Beh, direte, cosa c'entra con le varie attività e iniziative a sfondo solidale di AinsOnlus?
Un legame c'è ed è un legame che si è andato rafforzando nel corso di quest'anno 2010 che sta per chiudersi.
Chissa', siccome tendiamo a credere, almeno in gran parte, che il cieco caso non esista, o che non sia sempre determinante nella costruzione delle relazioni, se approfondiamo un poco troviamo una serie dì fili che uniscono questa comunità con i nostri progetti.
Facendo viaggiare un angolo di immaginazione: l'acqua sicuramente l'acqua.
Acqua di un fiume a noi altrettanto caro, il Ticino, che dalle nostre parti di bassa padana taglia e caratterizza la nostra citta', Pavia (i romani non a caso la battezzarono 'Ticinum'), e si congiunge più a valle con il più 'grande' Po; lassù invece dalle parti di Sesto Calende lo stesso Ticino diventa, al contempo, porta di accesso verso il Lago Maggiore e fiume emissario del grande, affascinante bacino lacustre le cui sorti sono divise tra Lombardia, Piemonte e Svizzera.
Laghi, maggiori e minori, e fiumi che possono andare a braccetto con quelli del Guatemala: il Rio Motagua, le cascate del Quichè, i laghi di Izabal, Rio Dulce, Petén Itza, il grande cratere di Atitlan.
Insomma un legame geografico misurato sulla gradevolezza paesaggistica dei luoghi e su un possibile denominatore comune definito dall'acqua, veicolo di vita e di libertà.
Introdotti da queste naturali vicende, nel febbraio scorso, a me e a Ruggero Rizzini, ci fu data l'opportunità di conoscere da vicino le ragazze i ragazzi della scuola media di Varano Borghi.
Ricordiamo quel giorno con estremo favore e compiacimento: ragazzi attenti, classi interessate, insegnanti puntualissimi. Tutti attenti alle nostre parole a commento di alcune immagini che illustravano i luoghi del Guatemala solitamente da noi visitati.
Immagini e luoghi ormai facen
ti parte del nostro lessico e della nostra biografia.
Il fatto importante di quel giorno - ed ecco il secondo filo d'unione - e' stato il tema della solidarietà. Non bisogna mai rinunciare alla 'relazione': si comincia dall'acqua, dalla morfologia del paesaggio, anche se dai tratti abbastanza comuni,... e si arriva alle persone; ed ecco crearsi, ampliando la conoscenza, situazioni di feconda sim-patia.
Simpatia, nel nostro caso, significa condivisione delle nostre attività, e sostegno da parte di questa bella realtà scolastica ai nostri progetti. Sostegno economico lanciato e diretto dal dinamico comitato genitori le cui risultanze sono state utilizzate per appoggiare le esigenze delle bimbe della Casa di Mazatenango, e per affrontare i gravissimi danni causati dall'uragano Agatha abbattutosi sul Guatemala nel Maggio scorso.
Così vanno le cose,... andassero sempre così!!!
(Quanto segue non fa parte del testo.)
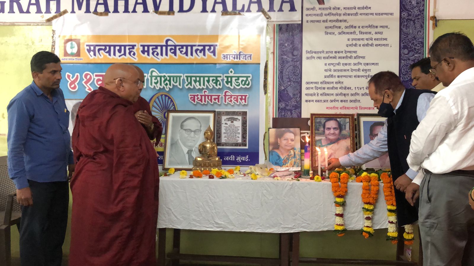 महाष्ट्रातील नागपूर, पुणे, मुंबई आणि नांदेड येथील रामानंद तीर्थ स्वामी विद्यापीठातून पाली भाषा विषयात पी. एचडी प्राप्त डॉ काश्यपायन, डॉ राहुल बोधी यांचा भारताचे संविधान पुष्प गुच्च आणि सन्मान चिन्ह देऊन प्रोफेसर डॉ. टी. आर. घोबळे, रत्नमाला डोंगरगावकर यांच्या हस्ते गौरव करण्यात आला . संस्थेच्या 40 वर्षातील वाटचालीचा लेखजोखा मांडला. 2 अनुदानित आणि 8 सेल्फफंडेड शाळा, 3 पदवी महाविद्यालय, 4 वसतिगृह, 1 संशोधन केंद्र आणि संस्थेच्या वतीने निशुल्क वितरणासाठी बुद्ध आणि त्याचा धम्म या सह 11 सामाजिक न्यायाशी निगडित ग्रंथ प्रकाशन करण्यात आले आहेत.लातूर आणि रायगड जिल्ह्यात संस्थेचे जाळे पसरले आहे 3000 पेक्षा जास्त विद्यार्थी शिक्षणाचा लाभ घेत आहेत असे प्राचार्य वनिता सूर्यवंशी म्हणाल्या. पीएचडी संशोधकाच्या वतीने डॉ .काश्यपायन यांनी पाली भाषेची जगभरातील अवस्था आणि भारतातली स्थिती बाबतचे मार्मिक चिंतन शील विचार मांडले, काश्यपायन म्हणाले पाली भाषेला लोक मान्यता आहे सरकार पाली भाषेचा दुजाभाव करते. संस्कृत, उर्दू आणि इग्रजी भाषा अभ्यासाचे स्वतंत्र विश्वविद्यालये आहेत मात्र पाली भाषेच्या विद्यापीठाकडे सरकारचा कान-डोळा आहे. सरकारने पाली भाषा शालेय स्थरावर करून जगातला कलह मिटवण्याची शिकवण द्यावी. संस्थेने आमचा गौरव करून धन्यताव्यक्त केली सर्व सत्कार-मूर्तीच्या वतीने ऋण निर्देश केले. समारंभाचे अध्यक्ष विचारवंत डॉ. जी. के. डोंगरगावकर यांनी संस्थेच्या दिवंगत सहकार्यत रामराव गुरुजी, शांताबाई हाडोळतीकर, आणि राजश्री आनंत यांचं संस्थेतील योगदान विस्मरणीय असल्याचे म्हणाले. विचाराबरोबरच स्वयं उत्पन्नातून संस्थेला आर्थिक मदत केली. यामुळेच संस्थेच्या कामाला गती मिळाली .

In fondo, anche se non e' scontato nella pratica corrente, i concetti di solidarietà, gratuità e bene comune dovrebbero essere la molecola tipizzante di un vivere civile. Noi a questi principi ci atteniamo, ci speriamo, e all'obiettivo di una società più giusta ed eguale non rinunciamo.
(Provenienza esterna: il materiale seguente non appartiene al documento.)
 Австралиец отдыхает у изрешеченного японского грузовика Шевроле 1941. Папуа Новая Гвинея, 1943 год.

Forse un'u-topia... ma senza grandi ideali da perseguire diventa vana la presenza e il passaggio di ciascuno da queste parti.
L'esempio che ci viene dalla scuola media di Varano Borghi, in questo senso, è un tratto di rosa in mezzo a un cielo imbronciato di nubi. Controdenze d'autore....
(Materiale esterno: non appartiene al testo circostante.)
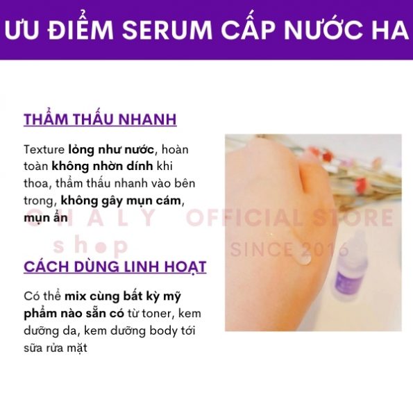 Ưu điểm của tinh chất serum cấp nước HA Nhật màu tím 10ml

Grazie a voi tutti!! Grazie per il cartellone vergato nel Febbraio scorso e portato alla Casa delle bambine...da cui è scaturita una foto...; grazie per la vostra sensibilità; grazie al comitato genitori (un grazie speciale, permettemelo, a Manuela Perucco, con la quale siamo in costante contatto); grazie a tutti gli insegnanti della scuola di Varano e alla prof,sa Rosa Recupero senza il cui interessamento non avremmo potuto costruire questo fantastico 'gemellaggio'...tra Pavia e il lago di Comabbio.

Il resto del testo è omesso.